◆ What you have to do ◆
Return the first line of the listing below and all the lines after it through the one containing "栩(10画)木(4画) 優(17画)依(8画)", exactly, without pictures.

*** Provided material Section Begins ***

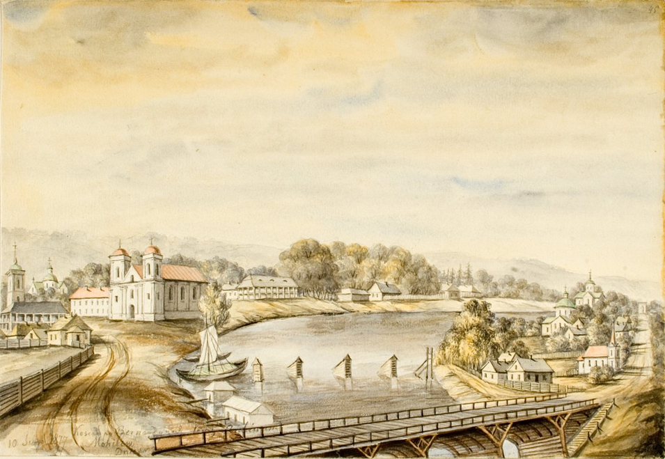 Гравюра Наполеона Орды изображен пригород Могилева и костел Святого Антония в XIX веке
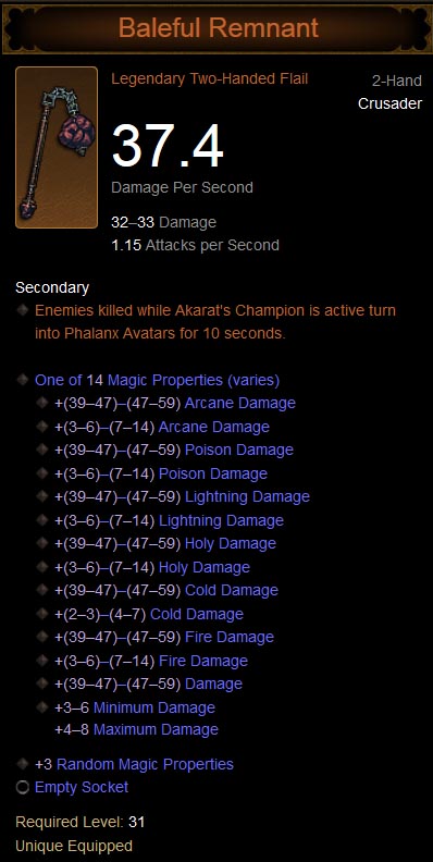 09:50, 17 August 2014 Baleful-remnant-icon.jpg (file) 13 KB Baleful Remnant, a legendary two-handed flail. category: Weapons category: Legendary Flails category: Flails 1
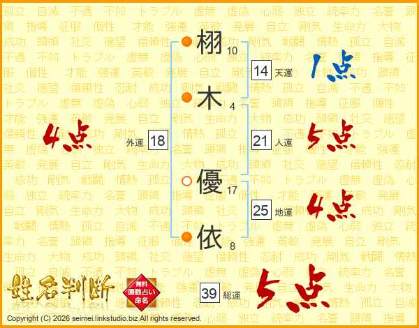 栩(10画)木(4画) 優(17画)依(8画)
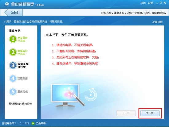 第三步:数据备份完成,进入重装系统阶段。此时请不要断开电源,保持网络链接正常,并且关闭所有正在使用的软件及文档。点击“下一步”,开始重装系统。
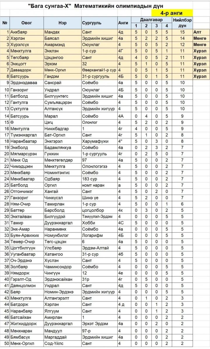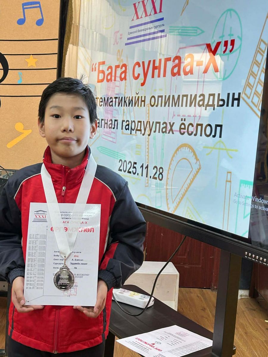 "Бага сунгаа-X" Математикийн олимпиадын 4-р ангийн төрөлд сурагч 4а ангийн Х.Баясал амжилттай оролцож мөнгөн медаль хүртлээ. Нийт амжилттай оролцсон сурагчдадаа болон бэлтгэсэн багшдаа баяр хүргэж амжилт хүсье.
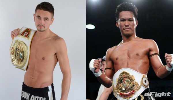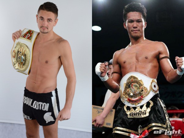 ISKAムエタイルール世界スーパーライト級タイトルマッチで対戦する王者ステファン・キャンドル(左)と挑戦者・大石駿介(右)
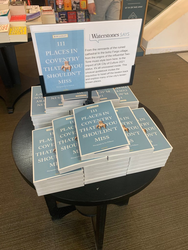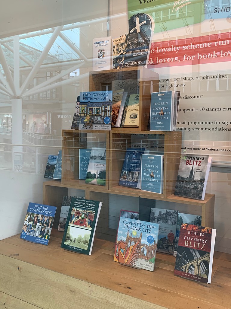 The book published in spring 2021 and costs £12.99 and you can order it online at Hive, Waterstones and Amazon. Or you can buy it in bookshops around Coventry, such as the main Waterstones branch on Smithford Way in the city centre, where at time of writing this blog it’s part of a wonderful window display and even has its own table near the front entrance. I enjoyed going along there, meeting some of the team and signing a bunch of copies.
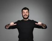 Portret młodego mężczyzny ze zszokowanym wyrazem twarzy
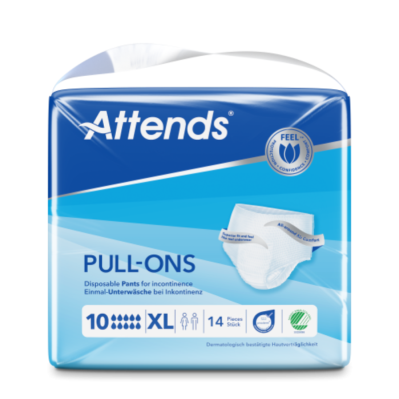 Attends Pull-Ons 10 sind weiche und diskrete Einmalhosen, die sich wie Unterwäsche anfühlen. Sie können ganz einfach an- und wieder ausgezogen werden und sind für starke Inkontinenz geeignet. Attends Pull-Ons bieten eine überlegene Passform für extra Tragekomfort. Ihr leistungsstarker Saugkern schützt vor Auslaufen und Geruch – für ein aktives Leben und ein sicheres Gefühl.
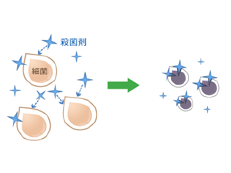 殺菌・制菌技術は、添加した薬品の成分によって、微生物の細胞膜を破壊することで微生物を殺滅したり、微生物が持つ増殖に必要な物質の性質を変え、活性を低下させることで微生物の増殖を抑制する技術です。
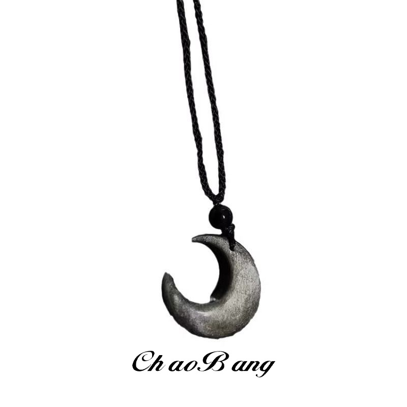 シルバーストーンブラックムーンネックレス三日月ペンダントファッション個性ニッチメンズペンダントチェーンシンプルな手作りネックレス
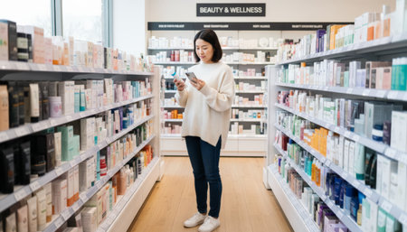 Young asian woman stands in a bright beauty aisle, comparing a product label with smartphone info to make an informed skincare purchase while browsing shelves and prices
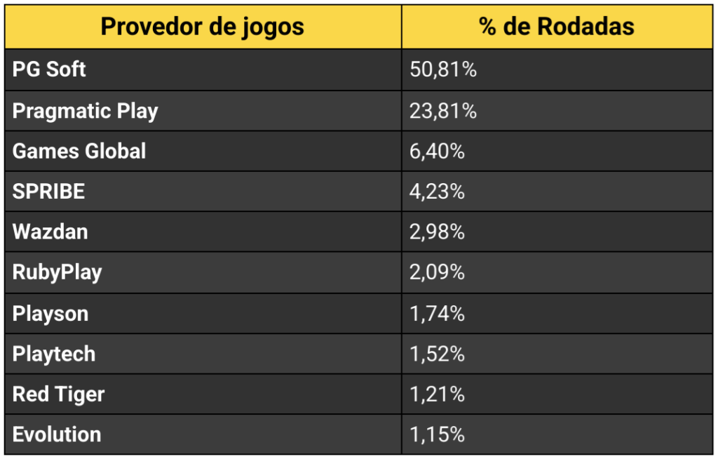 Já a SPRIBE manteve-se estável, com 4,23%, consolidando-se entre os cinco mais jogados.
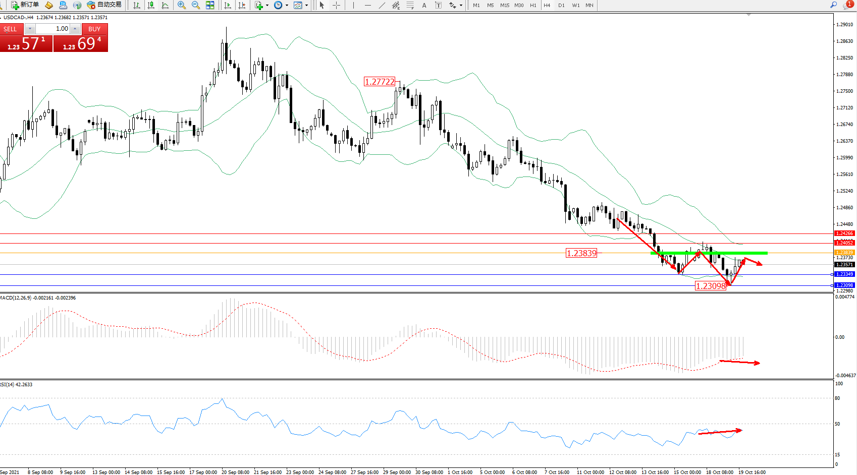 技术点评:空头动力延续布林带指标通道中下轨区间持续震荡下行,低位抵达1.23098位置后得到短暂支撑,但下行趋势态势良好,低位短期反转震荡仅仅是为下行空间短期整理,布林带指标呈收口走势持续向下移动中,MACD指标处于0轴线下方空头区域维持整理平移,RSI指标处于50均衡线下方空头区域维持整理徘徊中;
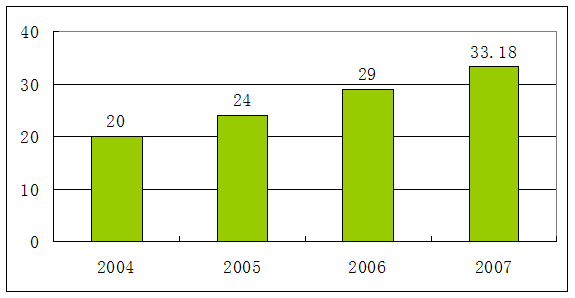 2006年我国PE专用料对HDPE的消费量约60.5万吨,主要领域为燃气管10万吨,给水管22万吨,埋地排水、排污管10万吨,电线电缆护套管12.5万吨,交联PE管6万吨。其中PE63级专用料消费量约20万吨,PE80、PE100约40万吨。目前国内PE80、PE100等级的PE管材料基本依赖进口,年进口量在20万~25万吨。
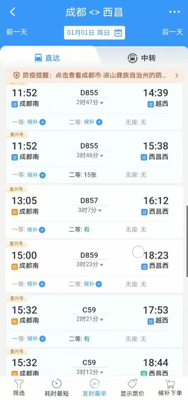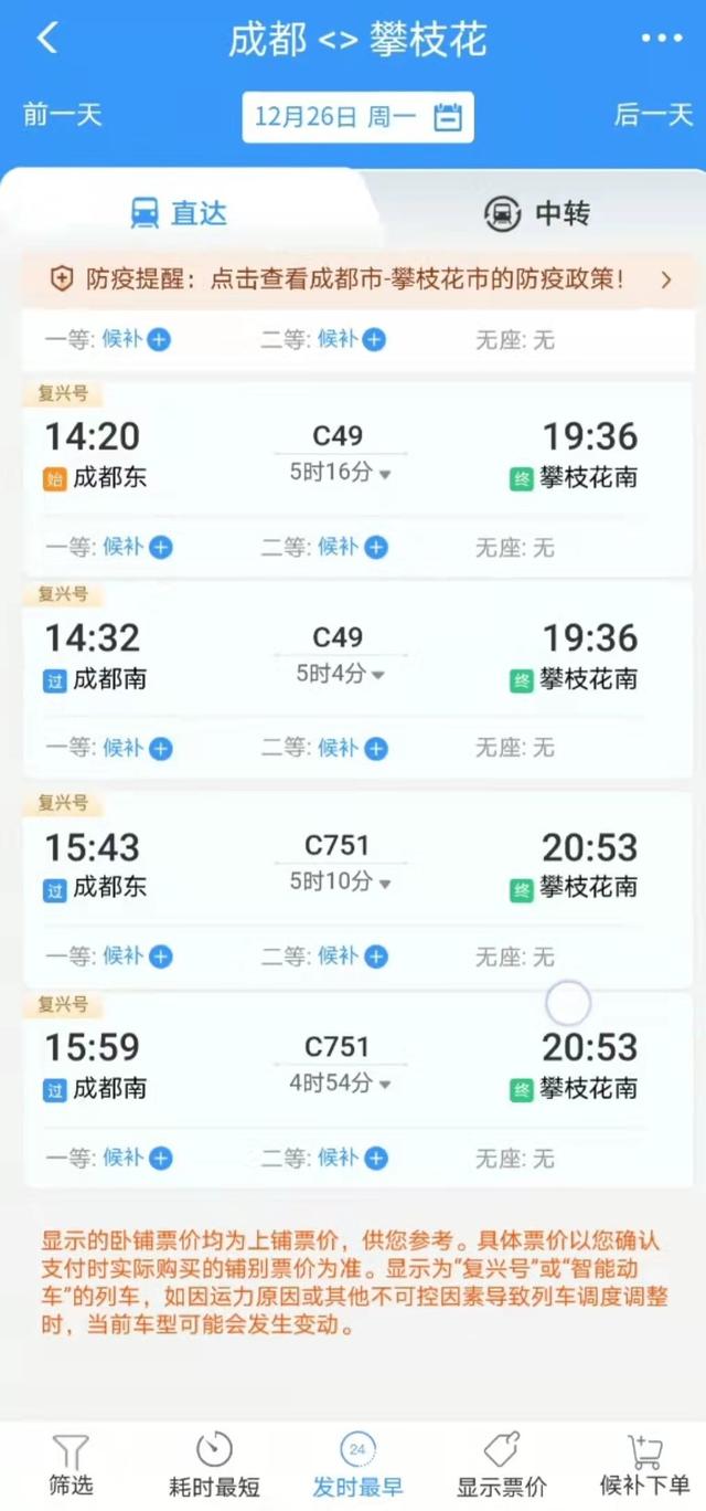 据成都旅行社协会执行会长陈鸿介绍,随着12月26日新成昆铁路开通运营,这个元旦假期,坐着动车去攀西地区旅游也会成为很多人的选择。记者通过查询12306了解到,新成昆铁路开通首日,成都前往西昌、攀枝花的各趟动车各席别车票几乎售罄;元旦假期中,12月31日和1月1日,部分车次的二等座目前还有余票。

*** Provided material Section Ends ***

◆ Result below ◆
 Гравюра Наполеона Орды изображен пригород Могилева и костел Святого Антония в XIX веке
 09:50, 17 August 2014 Baleful-remnant-icon.jpg (file) 13 KB Baleful Remnant, a legendary two-handed flail. category: Weapons category: Legendary Flails category: Flails 1
 栩(10画)木(4画) 優(17画)依(8画)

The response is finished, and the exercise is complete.